Now find all the members of `candidates` whose IDs are **NOT** in `batch_amis`. These **should** be safe to remove.


In [5]:
unused = [x for x in candidates if x['ImageId'] not in batch_amis]
print(len(unused))
for x in unused:
    print(x['Name'])

11
GPU-enabled AMI for Batch 201808310947
GPU-enabled AMI for Batch 201808301331
GPU-enabled AMI for Batch 201808161415
GPU-enabled AMI for Batch 201808301357
aws-batch-image-with-sminot-refdbs-and-scratch-201801042032
aws-batch-image-with-sminot-refdbs-and-scratch-201802131338
aws-batch-image-with-sminot-refdbs
aws-batch-image-with-sminot-refdbs-and-scratch-20180271822
aws-batch-image-with-sminot-refdbs-and-scratch-201801011818
aws-batch-image-with-sminot-refdbs-and-scratch-201802231222
ECS image with 4TB non-encrypted scratch at /scratch. Created at 201808071644


In [6]:
len(set([x['Name'] for x in ec2_amis]))

47

OK, I am a little concerned/confused. There were 47 total AMIs owned by the HSE account. 
Batch is actively using 14 of these. We identified 19 out of the 47 that were probably Batch AMIs.
When we filtered out the ones that are actively in use, we ended up with 11. 
I would have expected 5 (19 - 14 = 5). 
I checked to see if there were any duplicate names that could be throwing us off.
We can use sets which remove duplicates and also allow interesting operations like union, intersection, delta, etc.

In [7]:
assert len(ec2_amis) == len(set([x['Name'] for x in ec2_amis])) 

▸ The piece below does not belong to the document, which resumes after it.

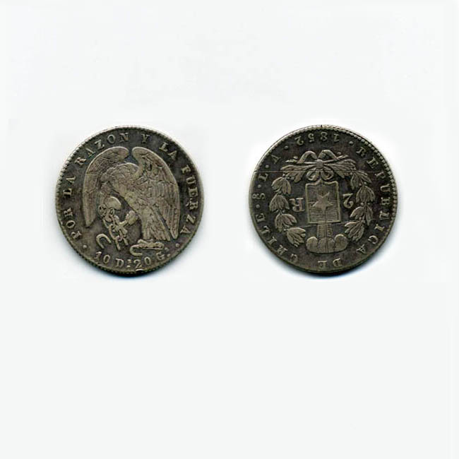 POR LA RAZON Y LA FUERZA 10Ds 20Gs (Cóndor rompiendo cadenas)/REPUBLICA DE CHILE. So L.A. 1852 2R (Escudo dentro de corona de laureles
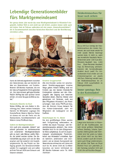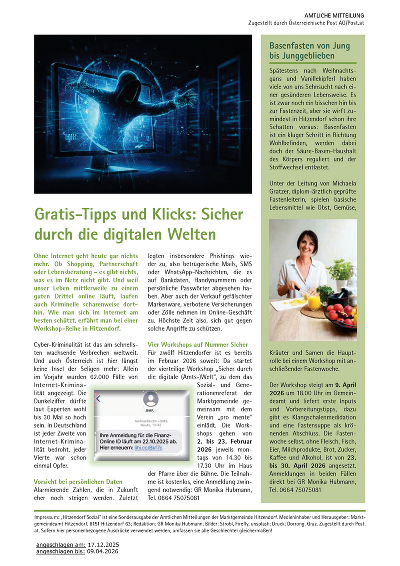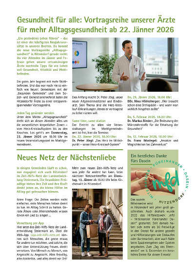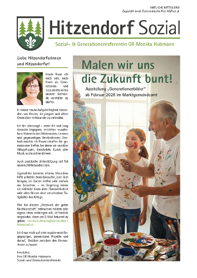Anschlag Hitzendorf Aktuell, Sonderausgabe "Sozial"Amtliche Mitteilungen aus der Marktgemeinde angeschlagen von 17.12.2025 bis 09.04.2026 PDF downloaden/drucken » Weitere Ausgaben von Hitzendorf Aktuell finden Sie hier » Link: https://hitzendorf.gv.at/cms/beitrag/10080937/21714/

It doesn't appear so. Let's look at the names of the AMIs that Batch is actively using:

In [8]:
batch_used_names = [x['Name'] for x in ec2_amis if x['ImageId'] in batch_amis]
print(len(batch_used_names))
for x in batch_used_names:
    print(x)

8
GPU-enabled AMI for Batch 201808301031
aws-batch-image-with-sminot-refdbs-and-scratch-201809061525
GPU-enabled AMI for Batch 201809071234
GPU-enabled AMI for Batch 201808171141
GPU-enabled AMI for Batch 201712141141
GPU-enabled AMI for Batch 201807091006
ubuntu-deep-learning-ami-10.0-for-batch-201806291507
ubuntu-deep-learning-ami-10.0-for-batch-201806291829


Now I am really confused. I would have expected this list to have 14 elements, but it only has 8.
AHA. I remember now that in the early days of using Batch at the Hutch, some AMIs were created in the SciComp account and made public. So those would not show up in our calculations. Let's check if some of the Batch AMI IDs 
do not exist in our full list of AMIs.

In [9]:
ec2_ami_ids = set([x['ImageId'] for x in ec2_amis])
foreign_amis = set(set(batch_amis) - ec2_ami_ids)
print(len(foreign_amis))

3


OK, there are 3 AMIs that are not in our account. 8 + 3 is 11, which is what we ended up with. Let's filter those 3 out of our `unused` list:

In [10]:
unused = [x for x in unused if x['ImageId'] not in foreign_amis]
print(len(unused))

11


It looks like there were no "foreign" AMIs among the `unused` list. Hmm. Still not sure why we have an unexpected number of items in `unused`. Will come back to this later.